にも拘らず、碇長官が俺達と態々会ってくれたのは、俺の持つ猪山藩主四男と言う立場と、武光の持つ将軍の孫と言う肩書が有ってこそだろう。
「成程なぁ最近世を騒がせてる山猫と、以前火盗改の史村達が追ってた山猫……手口が違い過ぎるたぁ思ってたがやっぱり別人か。まぁ今の話の通りなら麻薬中毒共が手前ぇの犯行を山猫に押し付けようってな話なんだろうなぁ」
川下介から聞き出した話を俺が長官に話すと、彼は煙草盆を手元に引き寄せ、煙管を手に取ると刻み煙草を詰めて火を点け……一服。
「にしても……『倒幕派の集い』を乗っ取ろうってな動きが有るって話は、上様から来ては居たが真逆其れが盗み働きの為に使われるたぁなぁ」
ぷかりと紫煙を吐き出しながら長官がぽつりと零した一言……やはり倒幕派に関わる話は、既に上様は掴んで居たのか。
「猪山藩は国許で変事が有って、其方に手が取られて此方へ回す手は無ぇんだろ? たぁ言え此処まで情報を貰って後の手柄は此方が全部ってなぁ話じゃぁ、今度は俺達が恥知らずの誹りを受けらぁな……」
長官は煙管を吹かしながら、少し考え込む素振りを見せた後、
「んで、お前さん等二人が火盗改に来たって事たぁ、猪山を代表してお前さん等が捕縛に参加するって事で良いんだよな? それなら此方も其方も面子が立つだろう?」
俺達に向け御祖父様にも引けを取らない悪そうな笑みを浮かべて、そんな言葉で問いかける。

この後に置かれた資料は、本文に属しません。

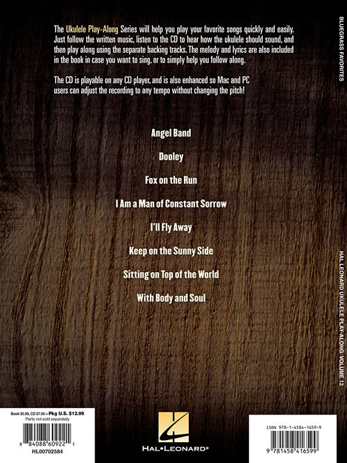 The Ukulele Play-Along series will help you play your favorite songs quickly and easily, with incredible backing tracks to help you sound like a bona fide pro! Just follow the written music, listen to the CD to hear how the ukulele should sound, and then play along with the separate backing tracks. The melody and lyrics are included in the book in case you want to sing, or to simply help you follow along. The CD is playable on any CD player, and also enhanced so Mac & PC users can adjust the recording to any tempo without changing the pitch! This volume includes 8 bluegrass classics: Angel Band · Dooley · Fox on the Run · I Am a Man of Constant Sorrow · I'll Fly Away · Keep on the Sunny Side · Sitting on Top of the World · With Body and Soul.

猪山藩としては藩邸に入り込んだ賊は全員、猪山藩の手で捕えないと面子が立たないのだが、其れをするには手が足りない……そして火盗改としても猪山藩が全て解決したら、将軍直属の捜査組織としての面子が丸潰れと言う事に成る。
だが両者が協力して事に当たり、無事決着を付けたので有れば、双方共に面子が立つと言うのは事実だ。
そして今猪山藩邸に居る人員では、屋敷の防衛を考えると自由に動けるのは、俺と武光、そして蕾とお忠の四人だけだろう。
いや配置を逆にして俺達が防衛に残り、三阿呆と兄上が参戦すると言う選択肢も有るが……、長官が其れを提案せず態々俺達を名指しするのには何か意味が有る様にも思える。
あ!? そうか! 火盗改は将軍直属と言う扱いだから、主筋である武光が参陣するのは、どっちの体面的に考えても、他所に対して言い訳が立つのか!
そう思い至った俺は、ちらりと横目で武光の顔を見て其処に覚悟の色を確認すると、ただ黙って首肯した。
「おう! 誰か! 剛規と仲基呼んで来い! ついでに史村と河東もだ! 山猫の件と倒幕派の件が繋がった! 一番隊から四番隊全員動員した大捕物の可能性が出てきたぞ! 五番から八番隊は引き続き手持ち案件を進めて置け!」
其れを見た長官は急にその場で立ち上がると、大きな声でそんな事を叫んだのだった。